▶ **WHAT YOU NEED TO DO**
Take the records below from their first line through the line holding "- Sortir la", and set each of those lines down exactly, without pictures.

▶ **AVAILABLE DATA**
⟨
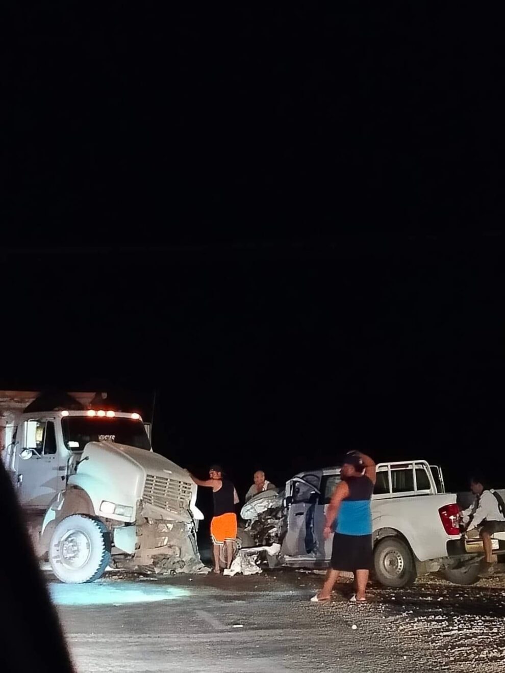 Un aparatoso accidente vehicular se registró poco antes de la medianoche a pocos kilómetros del poblado Andrés Quintana Roo, donde una camioneta pick up blanca colisionó de frente con un volquete, dejando daños materiales valorados en decenas de miles de pesos. Afortunadamente, no se reportaron fallecidos ni heridos graves en el percance.
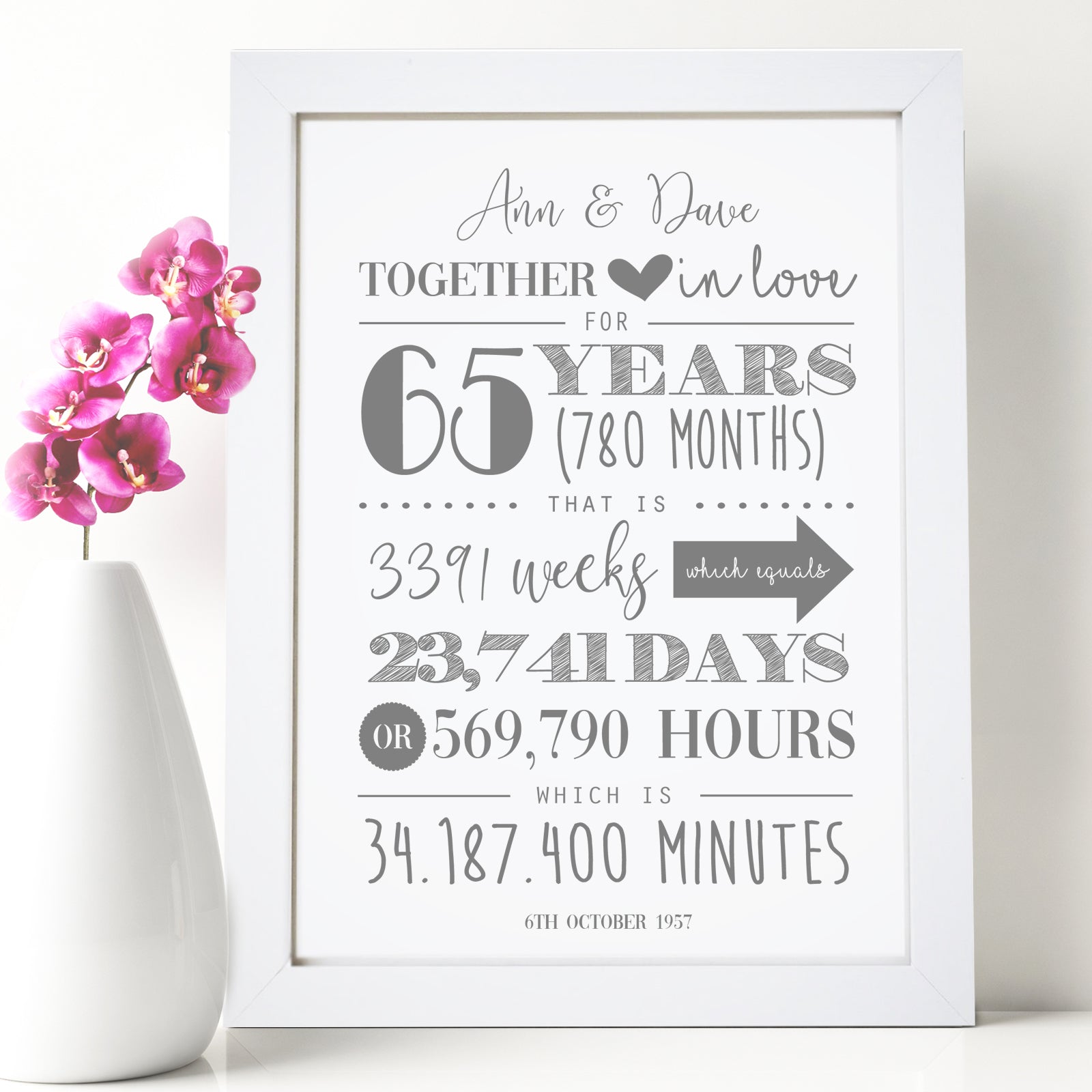 Personalised 65th Wedding Anniversary Print
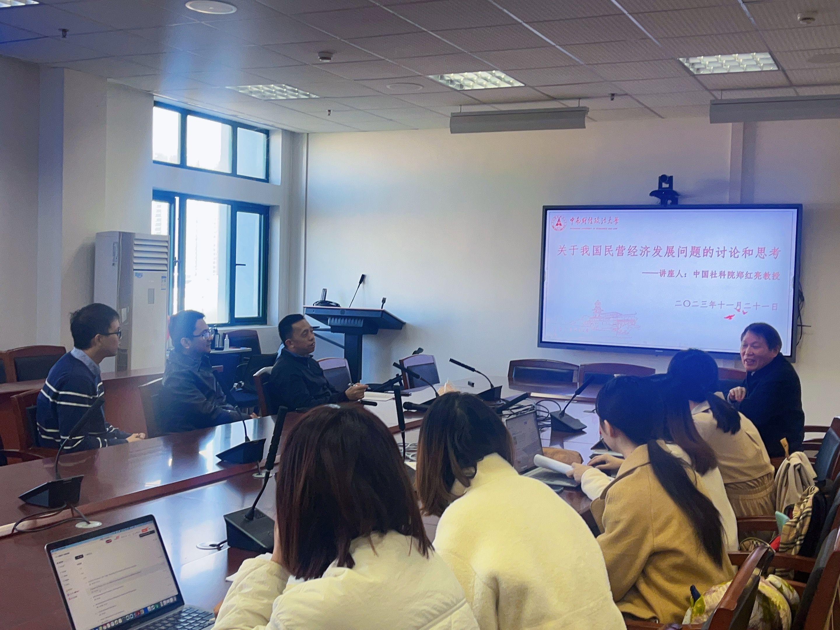 2023年11月21日,中国社会科学院经济所郑红亮教授受邀来我院开展学术讲座。本次讲座主题为“关于我国民营经济发展的讨论和思考”,讲座由龚强院长和帅杰老师共同主持,文澜学院众多师生听取了本次讲座。
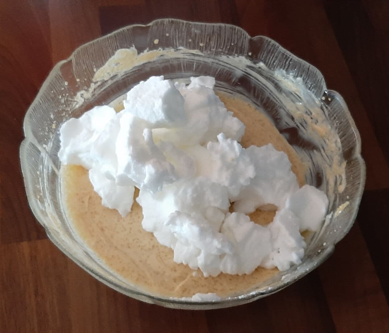 - Sortir la crème du réfrigérateur et ajouter les blancs en neige.
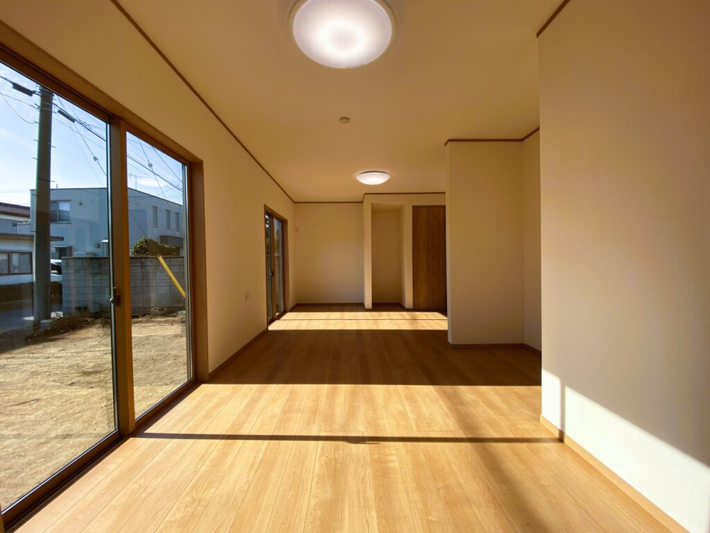 玄関・ホールに面する扉は大きく開ける3枚引き戸に、キッチンにつながる引違い戸はキッチンに自然光が届くよう採光を大きくとれる形状にしました。
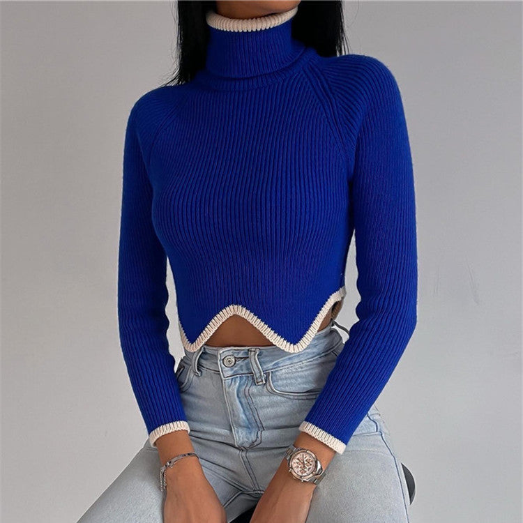 Ladies Leisure Knitwear Long Sleeve Turtleneck Skinny Knitted Top
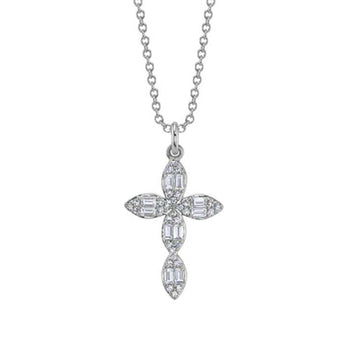 Shy Creation Baguette Diamond Cross Pendant Necklace in 14K White Gold
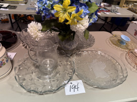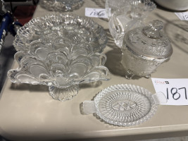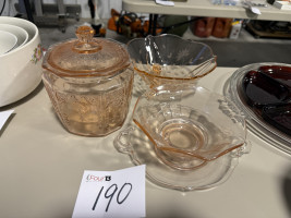 # 195 — LANCASTER JUBILEE PINK DEPRESSION GLASS BOWL, YELLOW VASELINE GLASS PLATE, AVON BRISTOL BLUE SOAP DISH
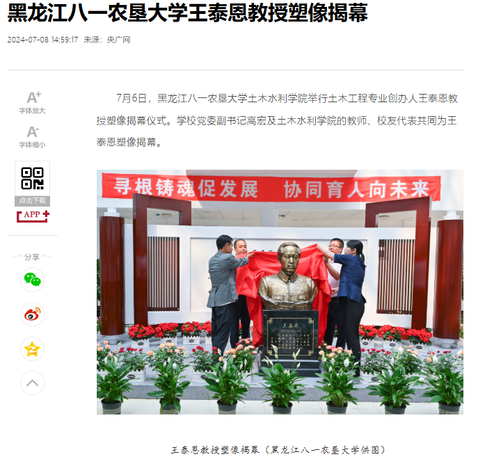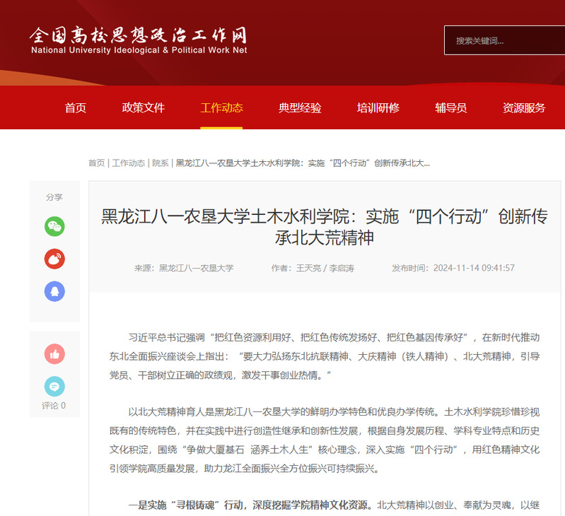 《金沙集团186cc金沙集团186cc实施“四个行动”创新传承北大荒精神》《金沙集团186cc金沙集团186cc积极构建“思政红+科创蓝”学生科技创新工作体系》被全国高校思想政治工作网报道,《金沙集团186cc王泰恩教授塑像揭幕》获央广网关注,党建经验得到权威平台传播。
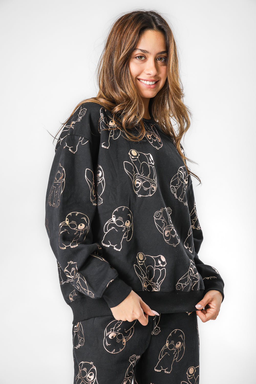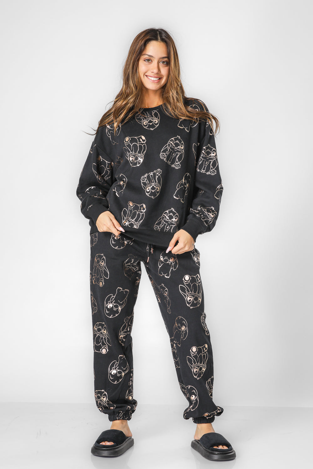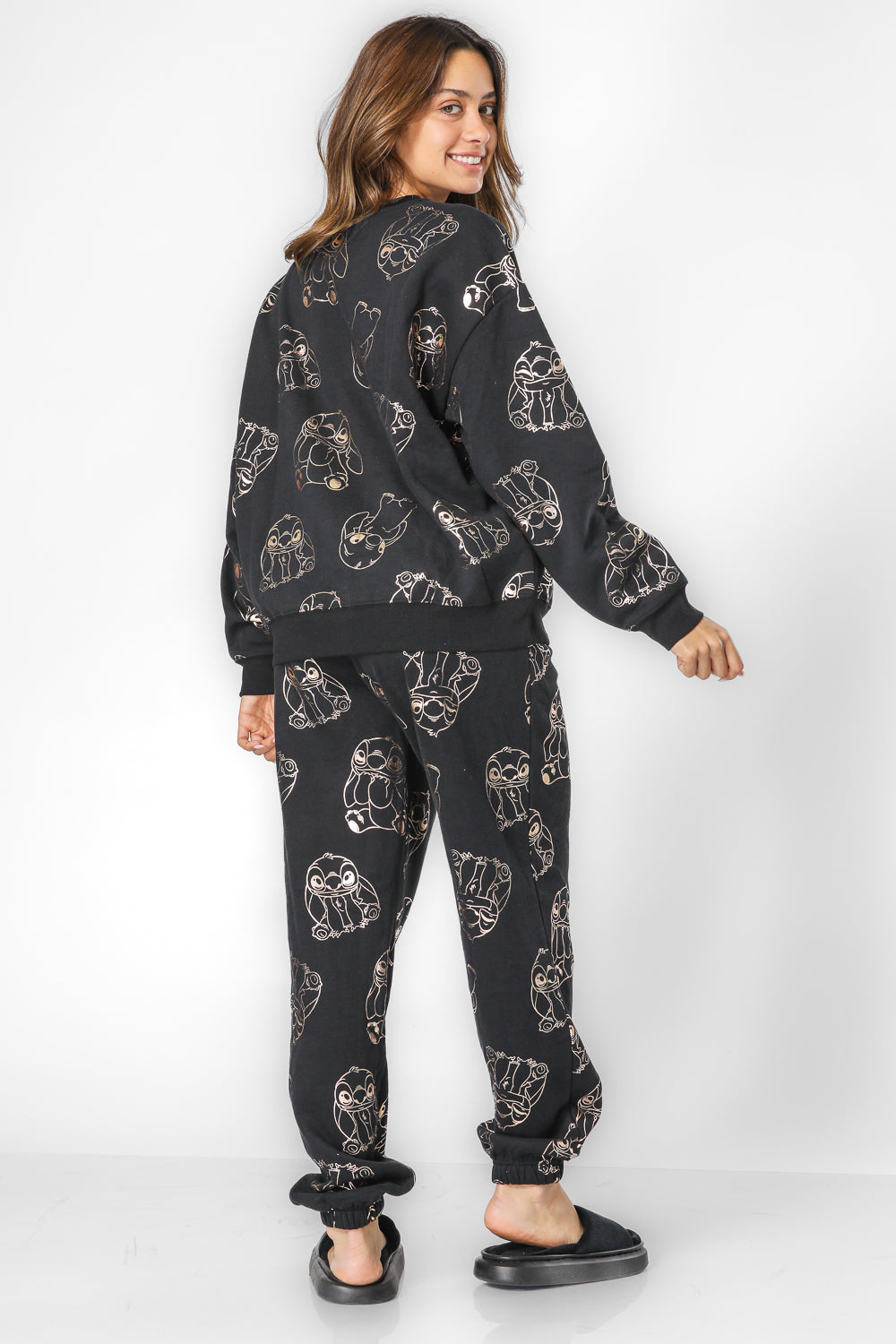 סט פיג’מת חורף לנשים מבית המותג DELTA העשוי מבד פוטר רך ומחמם עם הדפס של סטיץ’. הסט מורכב מחולצה עם צווארון עגול ושרוולים ארוכים עם סיומת מנג’ט ומכנסיים ארוכים עם גומי במותניים וסיומת מנג’ט.
⟩
▶ **RESPONSE TO THE EXERCISE**
 Un aparatoso accidente vehicular se registró poco antes de la medianoche a pocos kilómetros del poblado Andrés Quintana Roo, donde una camioneta pick up blanca colisionó de frente con un volquete, dejando daños materiales valorados en decenas de miles de pesos. Afortunadamente, no se reportaron fallecidos ni heridos graves en el percance.
 Personalised 65th Wedding Anniversary Print
 2023年11月21日,中国社会科学院经济所郑红亮教授受邀来我院开展学术讲座。本次讲座主题为“关于我国民营经济发展的讨论和思考”,讲座由龚强院长和帅杰老师共同主持,文澜学院众多师生听取了本次讲座。
 - Sortir la crème du réfrigérateur et ajouter les blancs en neige.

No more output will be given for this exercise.